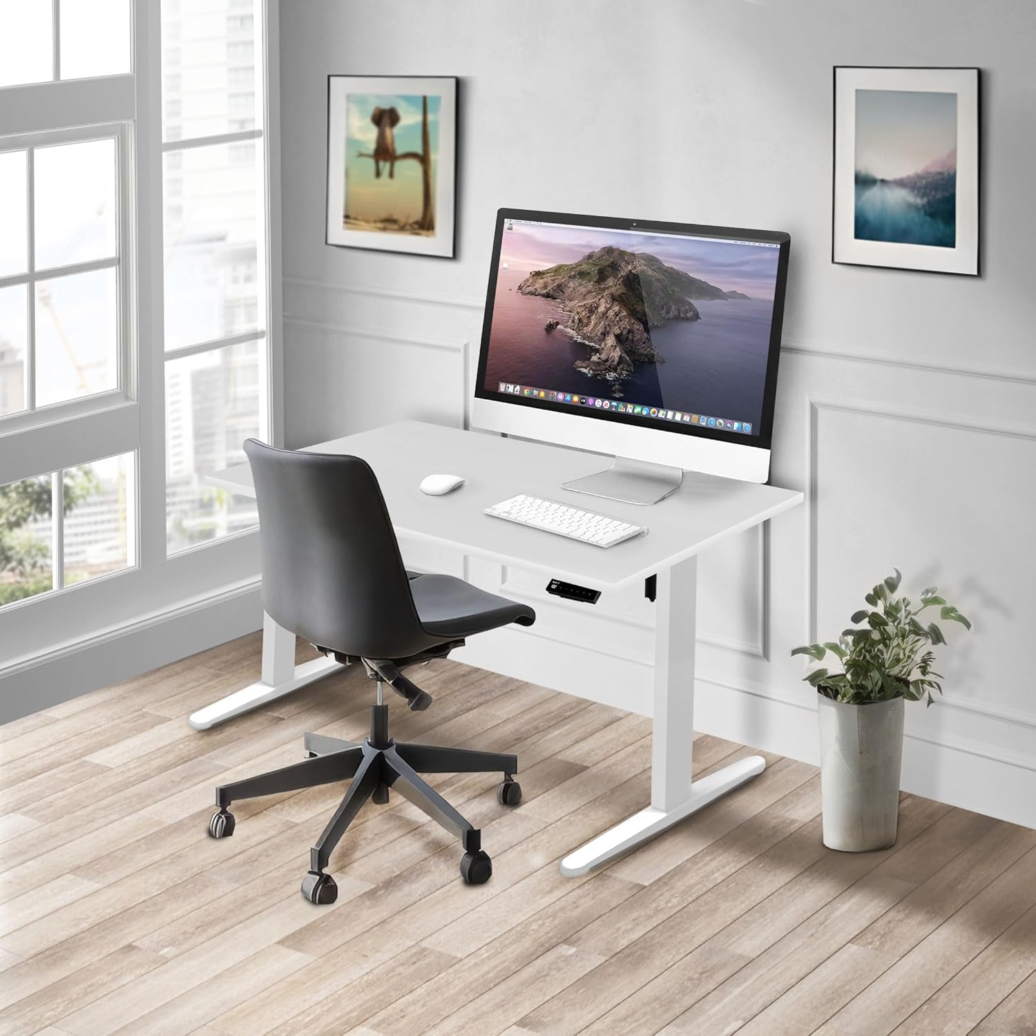Mount-It! Motorized Sit Stand Adjustable Height Desk Frame with 48" Tabletop - Ergonomic Single Motor Adjustable Standing Height Table, Desktop Rising Up to 47.2" Memory Control, Large White Desk
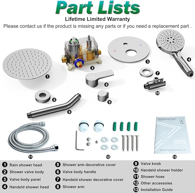 - 【CONTAINS cUPC CERTIFICATIOIN】This shower cartridge is cUPC certified, the shower system meets local US safety certification installation standards and can be installed with confidence. The shower valve kit has two built-in check valves to reduce water noise.
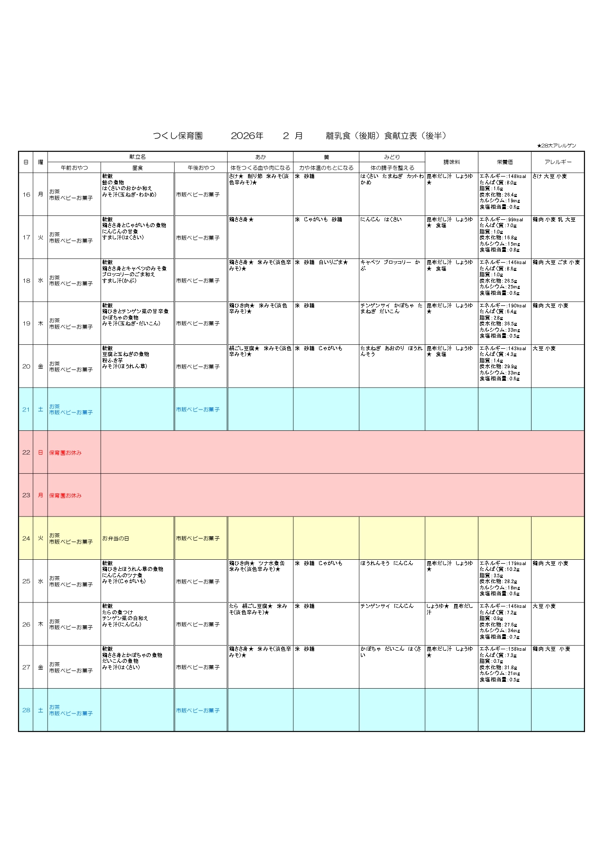※離乳食のおやつはハイハイン等、個別対応になります。
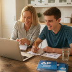 Photo Idea : Close-up of a student studying with AP materials and a tutor via laptop—connotes focused prep, one-on-one guidance, and digital study tools.
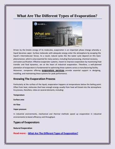 Supported by a broad spectrum of specialized evaporator designs customized for various sectors and materials, evaporation is a flexible process. From the basics of natural evaporation to high-performance thin film systems, the choice of evaporator has a major impact on product quality and process economics. Therefore, valuable partners for effective and environmentally friendly evaporation solutions are companies like Alaqua, which bring sophisticated technology and professional design expertise. Strategic design and strategic plantation of evaporators are essential for operational success, whether you are recovering chemicals, filtering water, or processing food.
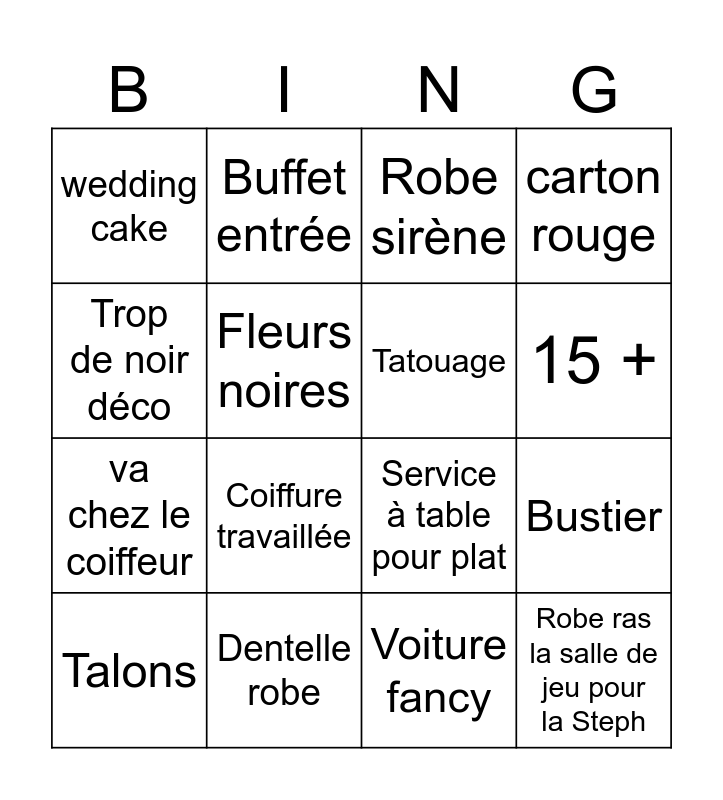 This bingo card has 16 words: Dentelle robe, Bustier, Robe sirène, wedding cake, va chez le coiffeur, Buffet entrée, Service à table pour plat, Voiture fancy, Trop de noir déco, Fleurs noires, Talons, carton rouge, Coiffure travaillée, 15 +, Tatouage and Robe ras la salle de jeu pour la Steph.
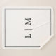 Einfache Sherpa-Decke mit modernem und dennoch elegantem Design mit Ihrem zweistelligen Monogramm, umgeben von einem dünnen Rand in klassischem Schwarz und Weiß. Diese schicke und stilvolle Sherpa-Decke ist ein großartiges Hochzeitsgeschenk für ein minimalistisches Paar.
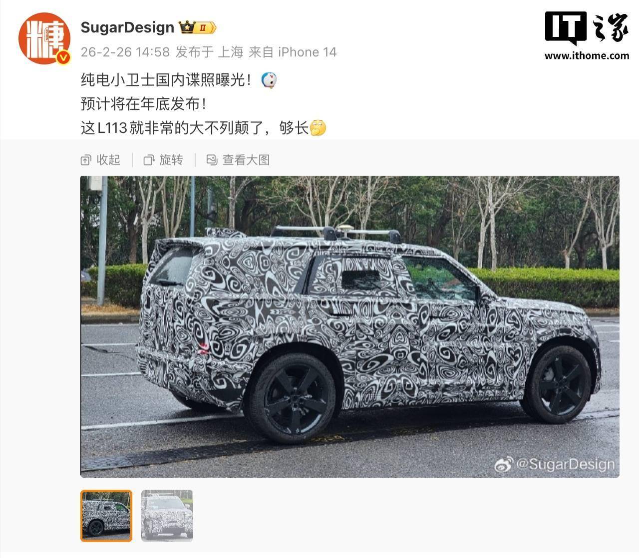 近日,博主@SugarDesign曝光了一組路虎純電“小衛士”的國內實車諜照,引發廣泛關注。據透露,這款新車有望于今年年底正式發布。與此同時,外媒Auto Express也在不久前公布了同款車型的諜照,進一步印證了其即將面世的消息。
#####
## TASK PROMPT
Your task is to copy word for word the lines from the line containing "Einfache Sherpa-Decke mit" to the end of the listing, both included, and to drop any pictures.

## EXPECTED ANSWER
 Einfache Sherpa-Decke mit modernem und dennoch elegantem Design mit Ihrem zweistelligen Monogramm, umgeben von einem dünnen Rand in klassischem Schwarz und Weiß. Diese schicke und stilvolle Sherpa-Decke ist ein großartiges Hochzeitsgeschenk für ein minimalistisches Paar.
 近日,博主@SugarDesign曝光了一組路虎純電“小衛士”的國內實車諜照,引發廣泛關注。據透露,這款新車有望于今年年底正式發布。與此同時,外媒Auto Express也在不久前公布了同款車型的諜照,進一步印證了其即將面世的消息。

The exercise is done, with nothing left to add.